## Records supplied
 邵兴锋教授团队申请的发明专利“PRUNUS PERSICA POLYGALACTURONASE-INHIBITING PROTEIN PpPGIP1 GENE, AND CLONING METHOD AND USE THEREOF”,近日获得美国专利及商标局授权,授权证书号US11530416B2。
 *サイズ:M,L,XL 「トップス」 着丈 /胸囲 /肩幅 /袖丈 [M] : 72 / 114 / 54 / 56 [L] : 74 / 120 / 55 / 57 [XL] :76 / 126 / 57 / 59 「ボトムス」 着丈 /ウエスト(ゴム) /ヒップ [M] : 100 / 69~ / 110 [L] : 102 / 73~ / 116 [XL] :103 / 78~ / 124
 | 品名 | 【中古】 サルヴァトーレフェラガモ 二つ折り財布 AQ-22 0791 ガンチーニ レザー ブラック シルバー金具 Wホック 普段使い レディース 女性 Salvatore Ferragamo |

---

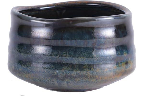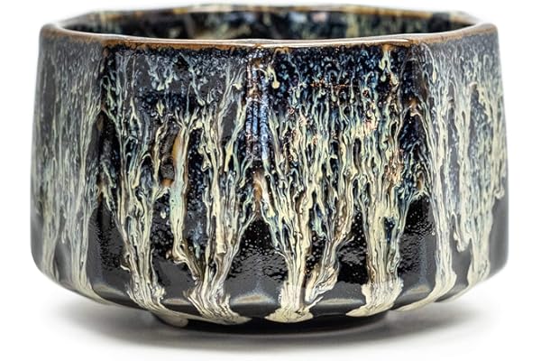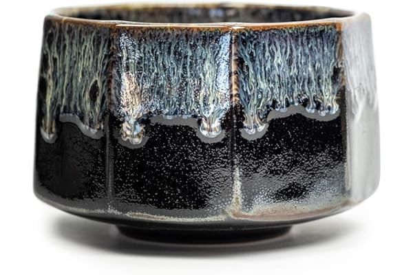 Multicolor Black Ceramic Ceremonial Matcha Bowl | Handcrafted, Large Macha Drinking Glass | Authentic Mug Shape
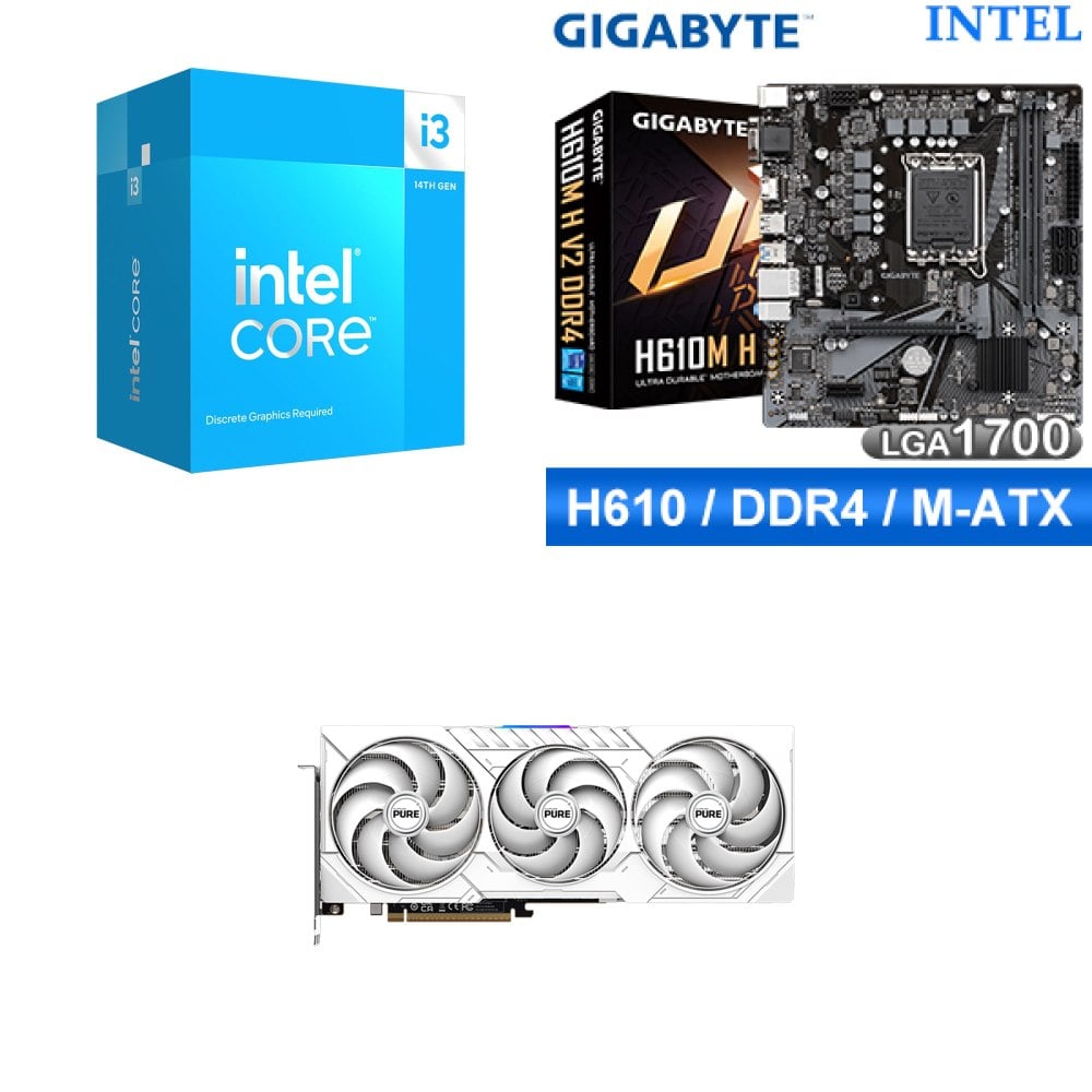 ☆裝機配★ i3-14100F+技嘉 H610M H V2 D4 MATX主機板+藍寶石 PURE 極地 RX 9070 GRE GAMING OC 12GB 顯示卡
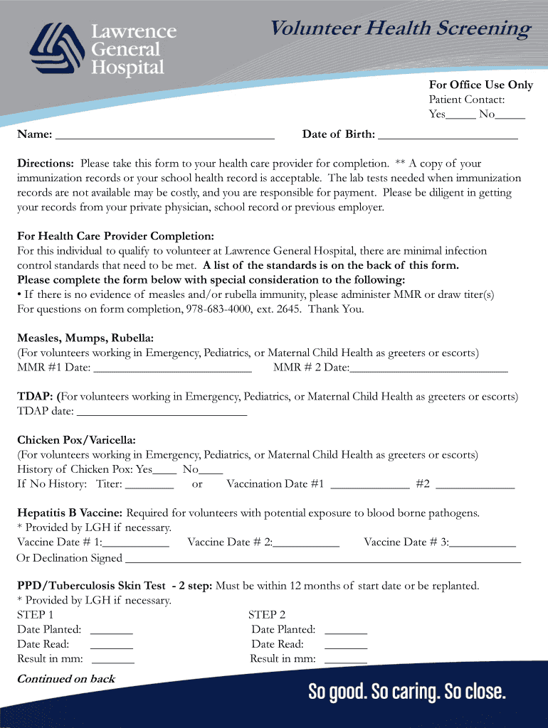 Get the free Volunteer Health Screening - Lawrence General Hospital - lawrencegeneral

* * *

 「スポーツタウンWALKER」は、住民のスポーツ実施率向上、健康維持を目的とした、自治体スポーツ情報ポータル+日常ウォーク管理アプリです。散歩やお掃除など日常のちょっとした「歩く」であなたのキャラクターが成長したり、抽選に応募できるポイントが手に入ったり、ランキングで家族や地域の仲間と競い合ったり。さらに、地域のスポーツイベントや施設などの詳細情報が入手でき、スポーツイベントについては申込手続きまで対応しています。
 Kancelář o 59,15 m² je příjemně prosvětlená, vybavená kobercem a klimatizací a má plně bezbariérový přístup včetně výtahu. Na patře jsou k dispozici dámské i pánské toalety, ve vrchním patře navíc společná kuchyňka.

## Your assignment
Using only the entries above, output the line with "PERSICA POLYGALACTURONASE-INHIBITING PROTEIN", the line with "Salvatore Ferragamo |", and all lines between them, exactly as they stand.

## Answer below
 邵兴锋教授团队申请的发明专利“PRUNUS PERSICA POLYGALACTURONASE-INHIBITING PROTEIN PpPGIP1 GENE, AND CLONING METHOD AND USE THEREOF”,近日获得美国专利及商标局授权,授权证书号US11530416B2。
 *サイズ:M,L,XL 「トップス」 着丈 /胸囲 /肩幅 /袖丈 [M] : 72 / 114 / 54 / 56 [L] : 74 / 120 / 55 / 57 [XL] :76 / 126 / 57 / 59 「ボトムス」 着丈 /ウエスト(ゴム) /ヒップ [M] : 100 / 69~ / 110 [L] : 102 / 73~ / 116 [XL] :103 / 78~ / 124
 | 品名 | 【中古】 サルヴァトーレフェラガモ 二つ折り財布 AQ-22 0791 ガンチーニ レザー ブラック シルバー金具 Wホック 普段使い レディース 女性 Salvatore Ferragamo |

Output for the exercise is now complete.